(DATA EXTRACT begins)

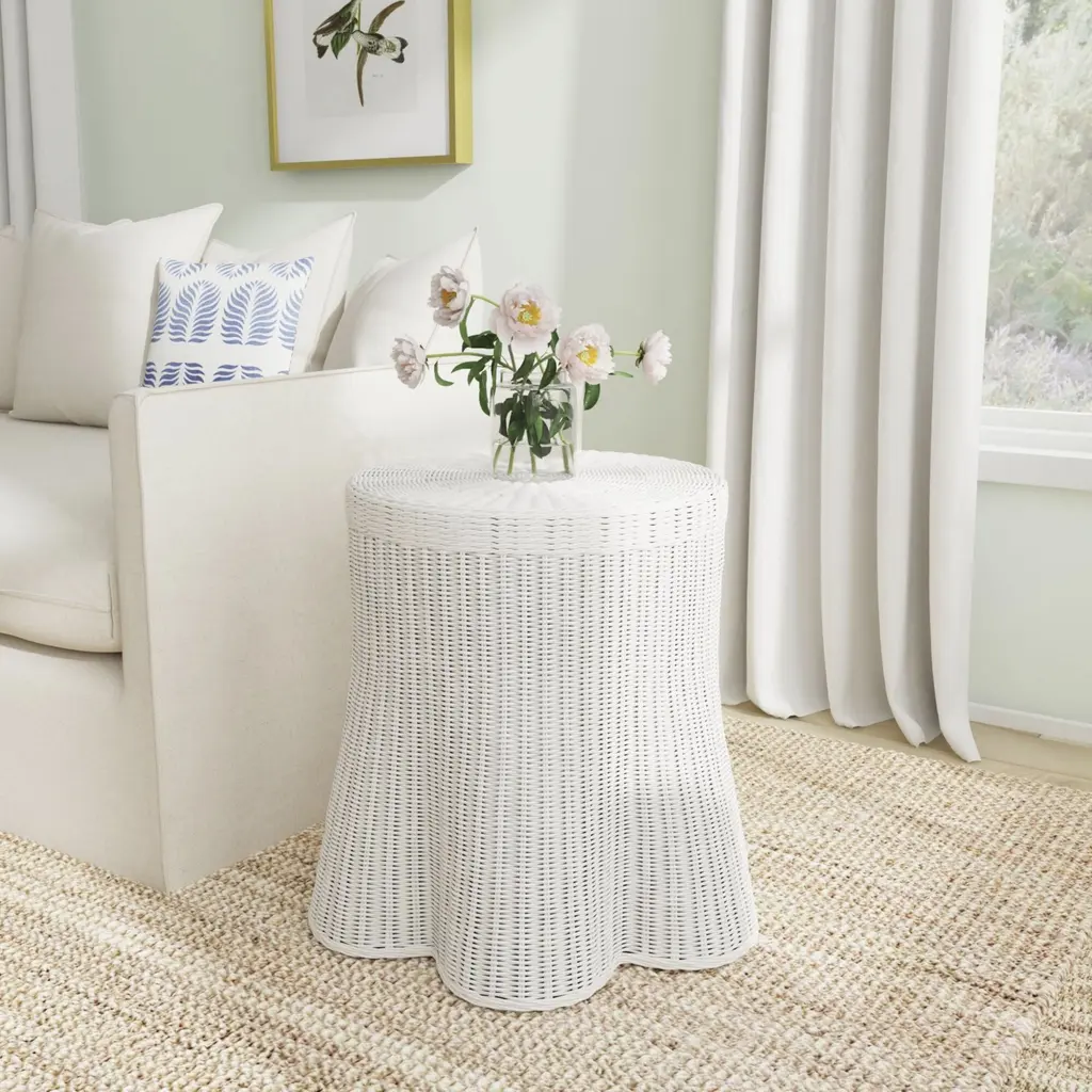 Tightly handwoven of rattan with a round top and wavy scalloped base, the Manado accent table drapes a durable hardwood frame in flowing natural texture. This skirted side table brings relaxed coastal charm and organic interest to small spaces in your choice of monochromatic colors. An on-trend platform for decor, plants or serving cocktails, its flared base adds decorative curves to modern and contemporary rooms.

(DATA EXTRACT ends)
(DATA EXTRACT begins)

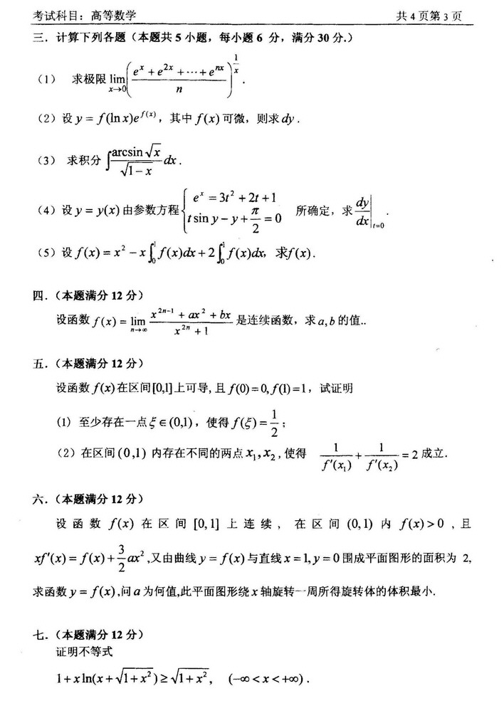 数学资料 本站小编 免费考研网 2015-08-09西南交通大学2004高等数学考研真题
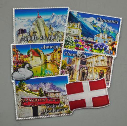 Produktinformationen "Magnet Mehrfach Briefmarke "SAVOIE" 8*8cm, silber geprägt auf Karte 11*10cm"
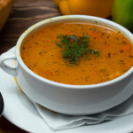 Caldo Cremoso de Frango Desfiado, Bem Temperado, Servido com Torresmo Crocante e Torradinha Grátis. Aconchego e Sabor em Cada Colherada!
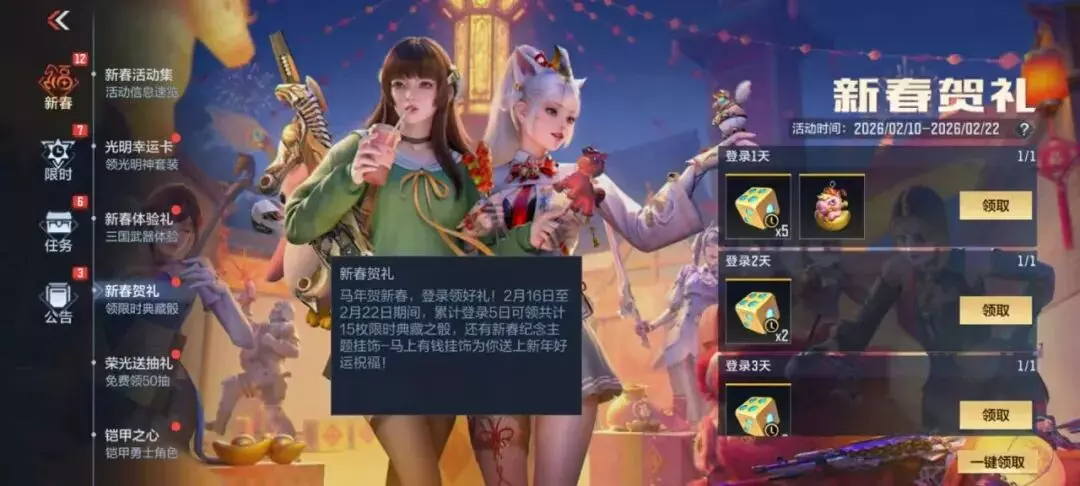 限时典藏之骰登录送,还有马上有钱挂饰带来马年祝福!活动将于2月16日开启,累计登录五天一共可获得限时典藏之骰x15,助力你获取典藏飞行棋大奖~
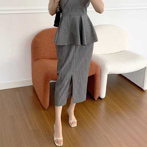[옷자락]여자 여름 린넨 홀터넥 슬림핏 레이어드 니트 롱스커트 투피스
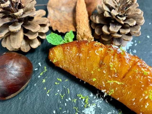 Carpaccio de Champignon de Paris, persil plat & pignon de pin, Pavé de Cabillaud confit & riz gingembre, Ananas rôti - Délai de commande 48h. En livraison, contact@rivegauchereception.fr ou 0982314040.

(DATA EXTRACT ends)
(DATA EXTRACT begins)

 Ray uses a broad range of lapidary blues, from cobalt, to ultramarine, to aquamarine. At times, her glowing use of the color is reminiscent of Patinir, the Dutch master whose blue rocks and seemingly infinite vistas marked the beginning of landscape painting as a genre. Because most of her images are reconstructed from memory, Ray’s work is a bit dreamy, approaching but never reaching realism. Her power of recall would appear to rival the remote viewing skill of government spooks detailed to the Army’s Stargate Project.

(DATA EXTRACT ends)

_INSTRUCTIONS TO FOLLOW_.
Above are the records; copy from them only the lines starting at the one containing "8*8cm, silber geprägt" and ending at the one containing "Carpaccio de Champignon", exactly and without pictures.

_RESULT OF THE EXERCISE_.
 Produktinformationen "Magnet Mehrfach Briefmarke "SAVOIE" 8*8cm, silber geprägt auf Karte 11*10cm"
 Caldo Cremoso de Frango Desfiado, Bem Temperado, Servido com Torresmo Crocante e Torradinha Grátis. Aconchego e Sabor em Cada Colherada!
 限时典藏之骰登录送,还有马上有钱挂饰带来马年祝福!活动将于2月16日开启,累计登录五天一共可获得限时典藏之骰x15,助力你获取典藏飞行棋大奖~
[옷자락]여자 여름 린넨 홀터넥 슬림핏 레이어드 니트 롱스커트 투피스
 Carpaccio de Champignon de Paris, persil plat & pignon de pin, Pavé de Cabillaud confit & riz gingembre, Ananas rôti - Délai de commande 48h. En livraison, contact@rivegauchereception.fr ou 0982314040.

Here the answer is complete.